Wednesday, November 27, 2013

The Post Season: Seventh Borough Updates

Back in July, I wrote that this blog would run a few posts for each of its 'season' and that the Summer 2013 'season' would be about summer itself.  And I got two entries in and Summer was coming to an end, Labor Day had come and gone, Columbus Day had past us, Halloween was now a distant memory, and here we are in November.  I had written an entire post for election day, and by election day, I mean the primary, which here, is early September, and scrapped it altogether.  And I was trying to write a post about Baseball, a beloved summertime game, and it was becoming an Albatross of an entry.  I couldn't get it out, I couldn't pin down how to fit the entire 100+ year history of America's past-time as it related to me personally, and with meaning and humor, into one blog post and not try to produce the "Seventh Borough's Encyclopedia of Baseball".  As we Met fans are all to familiar with the phrasing: Maybe Next Year for my Baseball summertime entry. 

However, today's post, Dark Chocolate, was churned out in under three hours, as it related to a discrete and recent event, and I think 1. Reopening the blog with the word 'Chocolate' in the title is a cheap (but effective, no?) gimmick to get your attention and 2. A direct parlay into the 2013 Fall/Winter Season's theme: Life in New York.  I gave you my first hand account of visiting Red Hook, Brooklyn (in apparently what was its off season) and the changes going on there.  And by Life in New York, I'm not referring to fancy 5th Avenue shopping trips and visiting the Statue of Liberty, that's tourist junk.  I'm talking about your day-to-day life, as enhanced when eight million people squish on to a few, closely-connected islands, I'm talking about an appreciation for mass transit, even when it smells bad, I'm talking about the strategy it takes to get to work in East Midtown when the entire UN General Assembly and their entourages and their entourages' entourage have blocked all your paths to the office, I'm talking about my loyalty to my favorite coffee wagon man, even though I have a back up wagon man, and yes, a back up to my back up wagon man, just in case.  Even though I've had the privilege (the horror?) of paying $40 for a parking spot and $70 for a cocktail on occasion, I'd like to use the next season to get to the guts of the people and places and events that have made this place what it is, and its residents who we are.

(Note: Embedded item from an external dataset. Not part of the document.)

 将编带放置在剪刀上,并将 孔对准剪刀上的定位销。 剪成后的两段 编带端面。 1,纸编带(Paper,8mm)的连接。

And I'm playing loose with this theme of  Life in New York, generally I mean the City, but then the title of this blog puts us out of its official jurisdiction.  Things are never so black and white, are they?  I lived in the Second Borough until I was 31, my parents lived in the Second Borough, my grandparents lived in the Second Borough, my great-grandparents moved to the Second Borough after coming through Ellis Island, and I went to school where at least 75%* of the class had a relative come through Ellis Island as well, I always wonder if I made the right decision to leave the city even if I'm still only a stone's throw from it's geographic borders.  But then, the Seventh Borough has got to be filled with at least 75%* of NYC transplants as well**.  And I wonder if they feel the same way.

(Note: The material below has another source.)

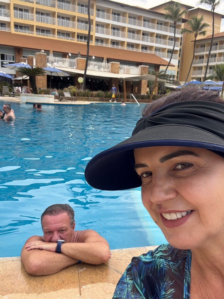 Aproveitamos a parte da tarde para ir à piscina, desfrutando do ambiente familiar e acolhedor do Gran Hotel Stella Maris. A infraestrutura do resort sempre nos impressiona, oferecendo o equilíbrio perfeito entre conforto e vista para o mar.
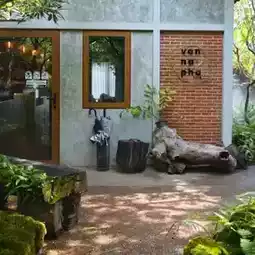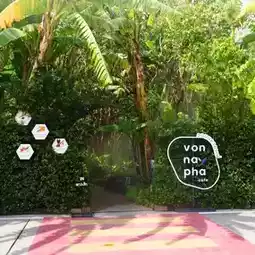 😍 VONNAPHA CAFE is a cafe hidden in a beautiful garden with a shady atmosphere. There is an artificial waterfall and various trees, making you feel like you have entered the forest. A must-try menu is "Sunrise Vonnapha", a coffee mixed with orange juice that is perfectly refreshing. There is also "Von Forest", a bright green drink that combines the flavors of green tea and fruits. For those who love sweets, "Pumpkin Cheesecake" is another recommended menu with a sweet pumpkin flavor and a soft and smooth cake texture.

So welcome to "Life in New York", or what possibly could have just been titled "Stuff That Happens Near By And Involves Highly Opinionated People Who Talk Loudly", but that's not catchy.  Definitely not as catchy as "Dark Chocolate".

(* my best guess, no documented proof behind these figures, but seems better than writing 'a lot')
(**just a quick one - I feel most of the NYC transplants here are from the Bronx.  It seems no one from Brooklyn ever relocates to Westchester.  Though there are at least three of us, Myself, My Aunt Jane, and of course, Jay-Z.)

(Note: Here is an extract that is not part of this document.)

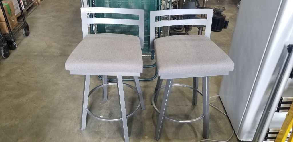 PAIR OF GREY SWIVEL BARSTOOLS

But really, I'll leave you with a vignette about baseball:
In late October, Rob, Nick and I took a long weekend up to Boston and were in town right about when the Red Sox won the pennant and were heading off to the World Series.  A few day later, the Sox had won the Series.  I mentioned this phenomena to my boss: I said I was just in Boston, and the Sox win the Series.  In 2009 I was temporarily living in the Bronx with Rob while waiting to close on our house and the Yankees won the Series that year.  Where ever I go it seems to be good luck for that home team.  My boss looks me square in the face and says," Could you move to Flushing?"